(Dataset entries)
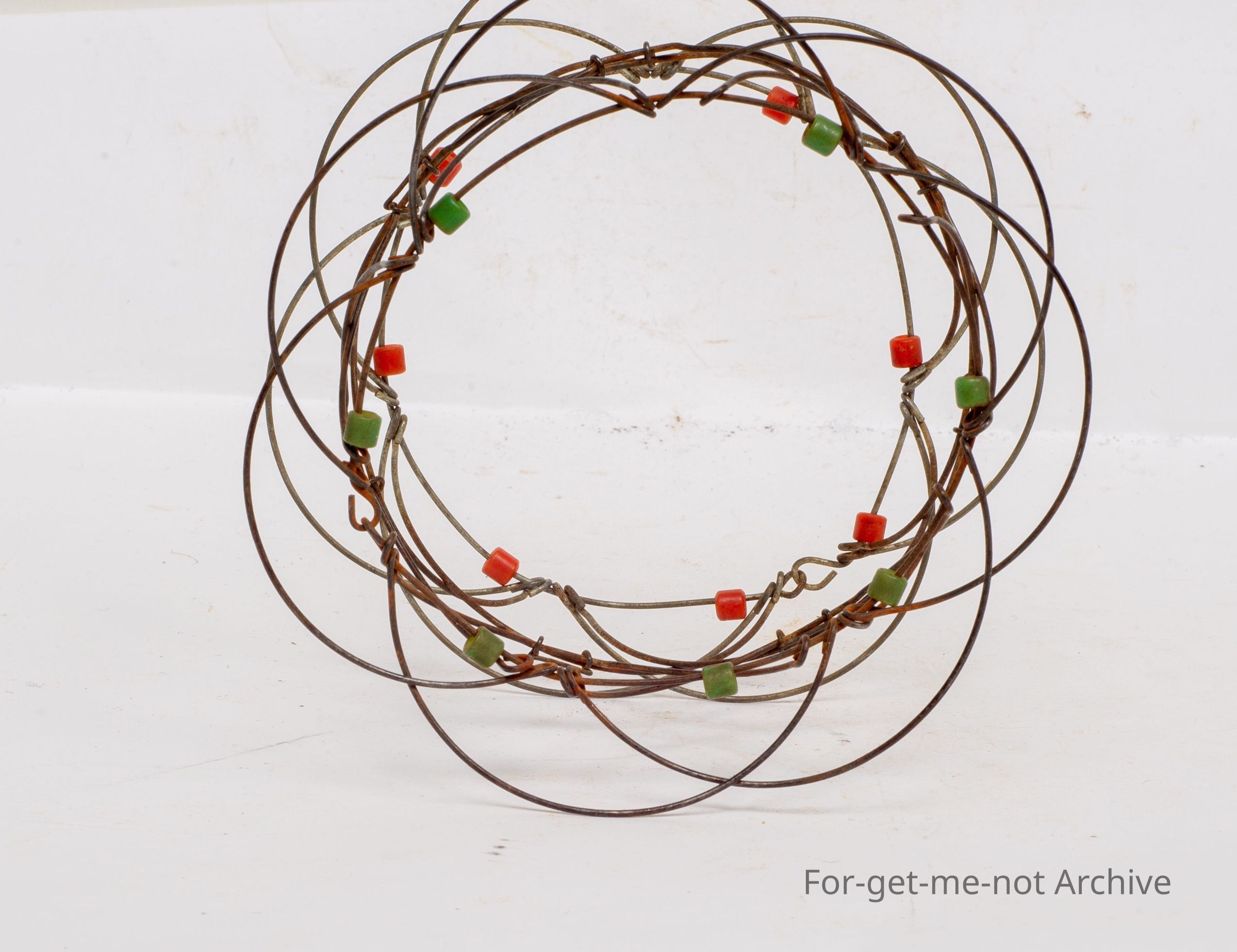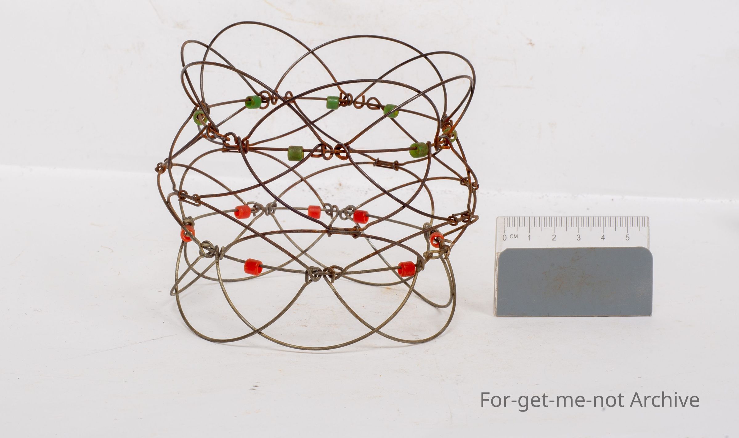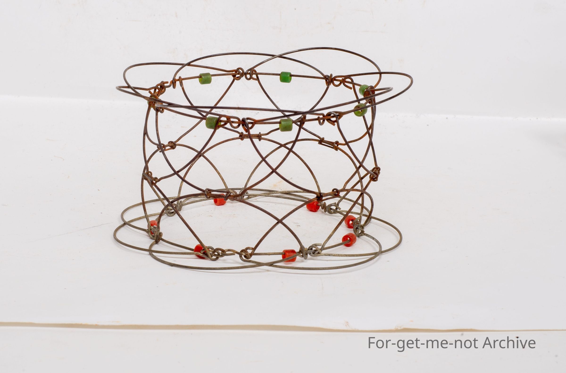 Is a little wire basket with, ringlets worked into the construction of plastic. Just a delightful little thing.
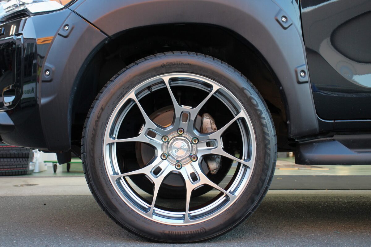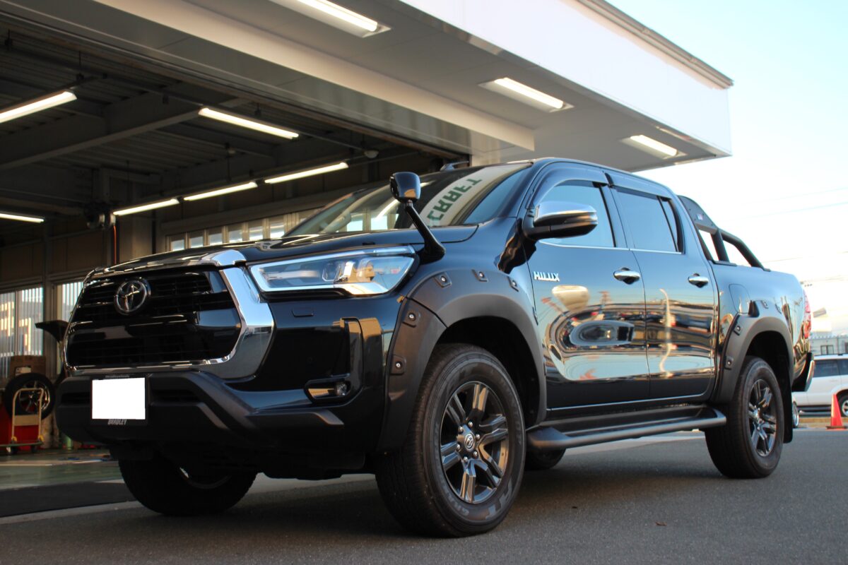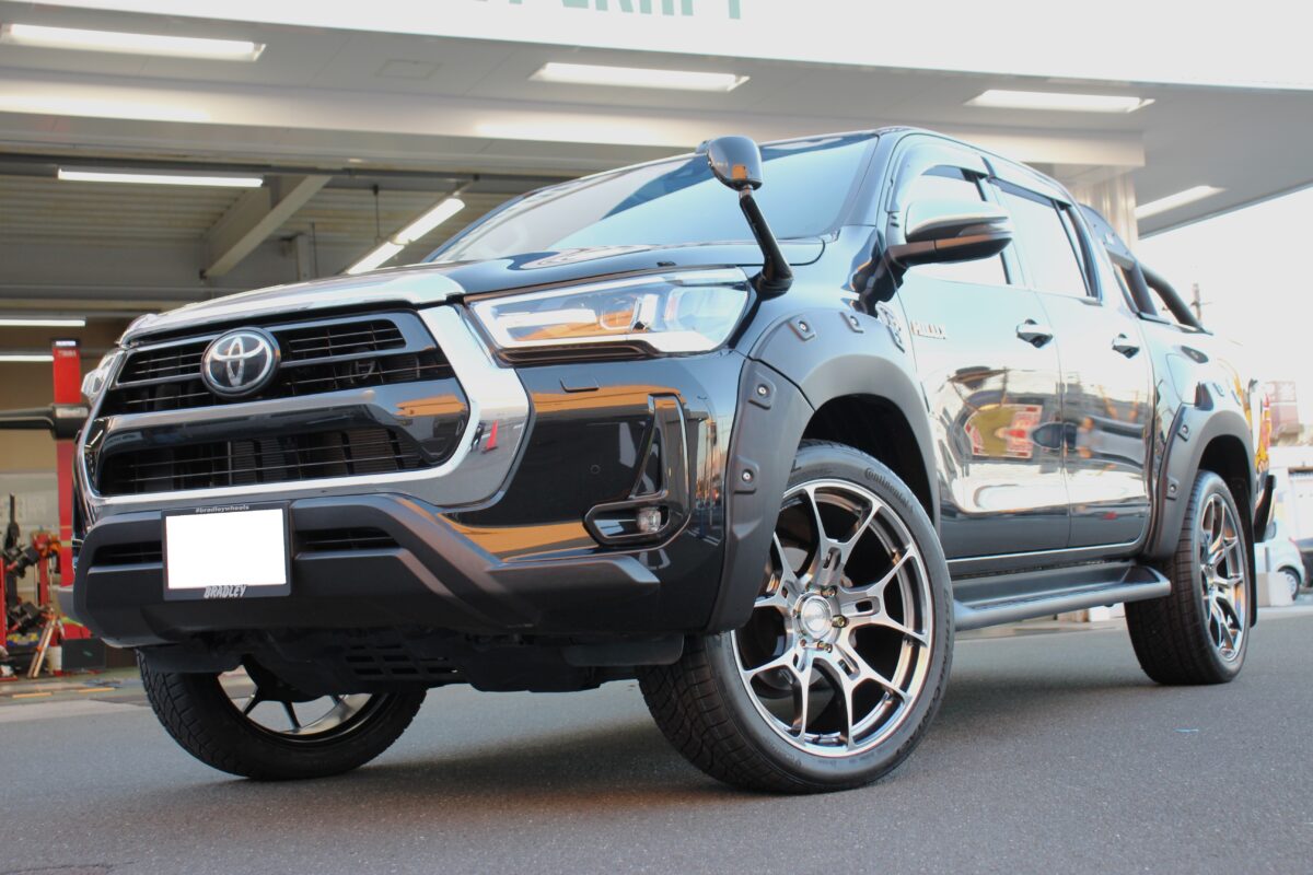 本日は当店では初となるハイラックスに大口径ホイールを取り付けし
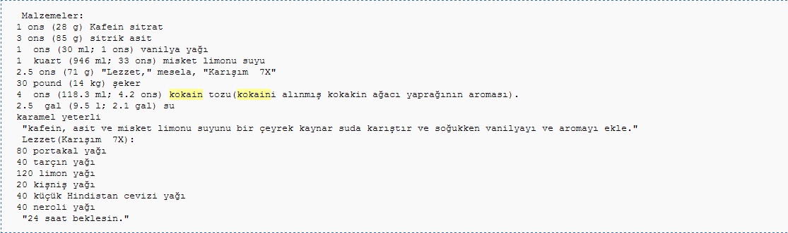 İçinde kokain olduğu kesin olarak kanıtlıdır ve formüllerde dahi geçer ; Link, Link, Link
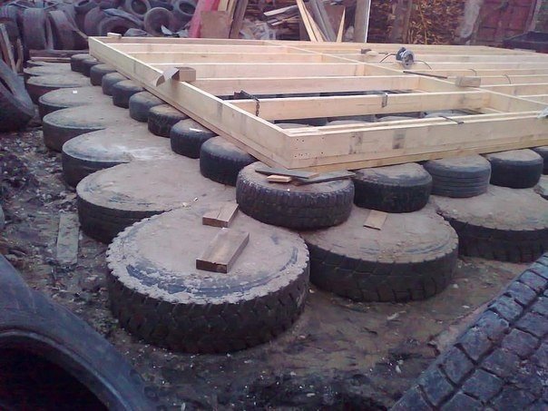 Снижение затрат на сооружение основания дома: ведь основной строительный материал – покрышки – можно попросту собрать у знакомых.
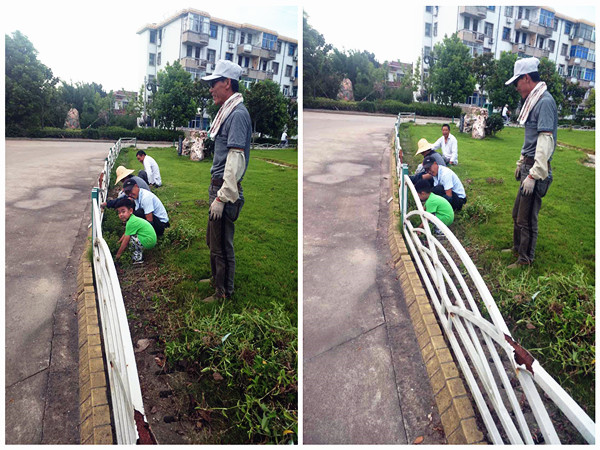 8月22日下午5點(diǎn),在新洋農(nóng)場(chǎng)有限公司機(jī)關(guān)大樓門(mén)前的草地上,幾名綠化工正在拔里面的雜草,他們當(dāng)中,一個(gè)穿綠衣服、看上去四五歲的小男孩吸引了路人的注意。
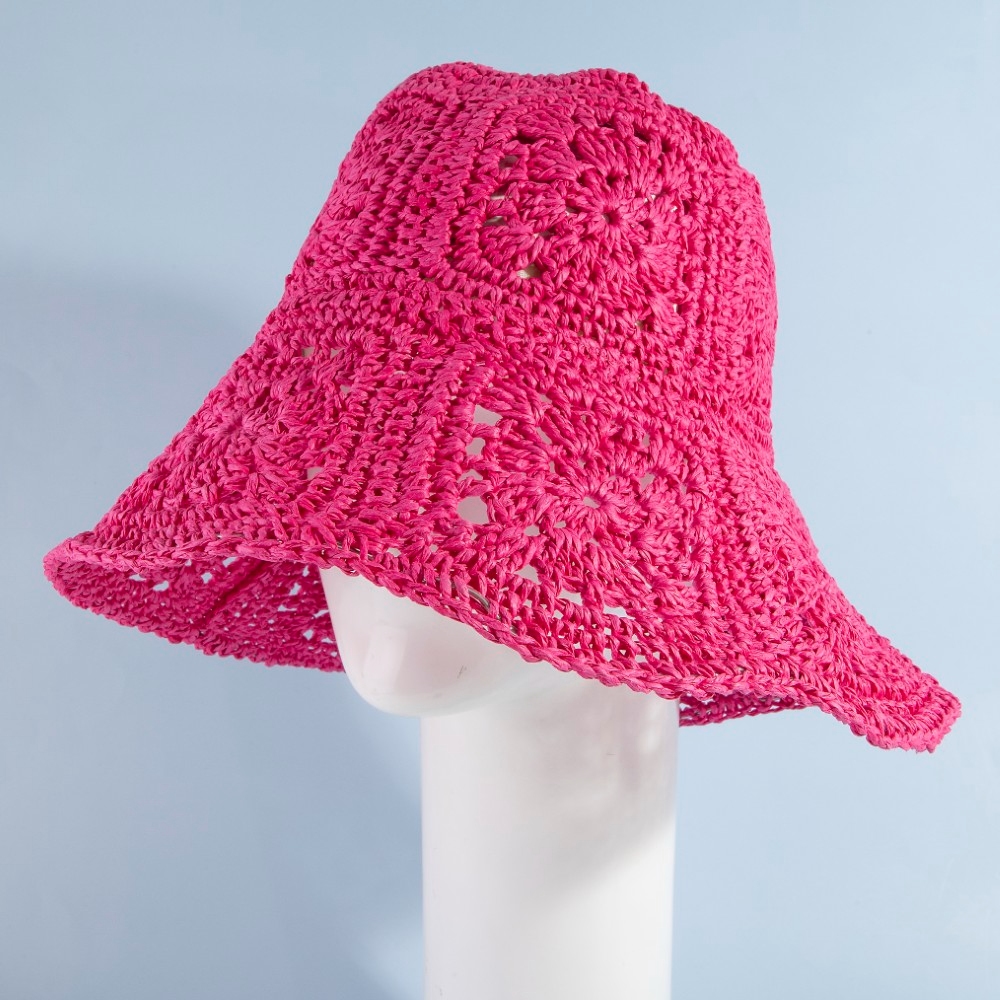 Guaranteed to add a touch of glamour to any outfit, this bucket hat incorporates a remarkable large square pattern knit design. Experience the transformative power of this versatile bucket hat, effortlessly enhancing the overall aesthetic of your outfit. Available in FU, BK, IV and KA. This item is sold in packs of 1.
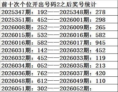 四、个位分析:上期开出号码2,前10次号码2出现之后下期同位号码为:8852529300,其中号码大小比为5:5,止境;奇偶比为4:6,基本捏平;012路比为4:0:6,2路号码发达较热。本期参考号码:2。
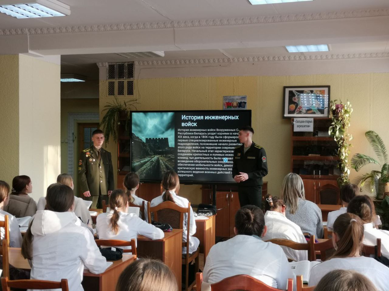 В рамках военно-патриотического воспитания для учащихся колледжа была организована экскурсия во 2-ю ордена Красной Звезды инженерную бригаду и противоминный центр Вооруженных Сил Республики Беларусь и проведен информационный час с участием курсантов военно-технического факультета в БНТУ по теме «21 января -День инженерных войск».

Instructions to follow:
Go to the line above holding "本日は当店では初となるハイラックスに大口径ホイールを取り付けし", then copy exactly each line down to and including the one holding "Снижение затрат на", leaving pictures out.

Solution for this task:
 本日は当店では初となるハイラックスに大口径ホイールを取り付けし
 İçinde kokain olduğu kesin olarak kanıtlıdır ve formüllerde dahi geçer ; Link, Link, Link
 Снижение затрат на сооружение основания дома: ведь основной строительный материал – покрышки – можно попросту собрать у знакомых.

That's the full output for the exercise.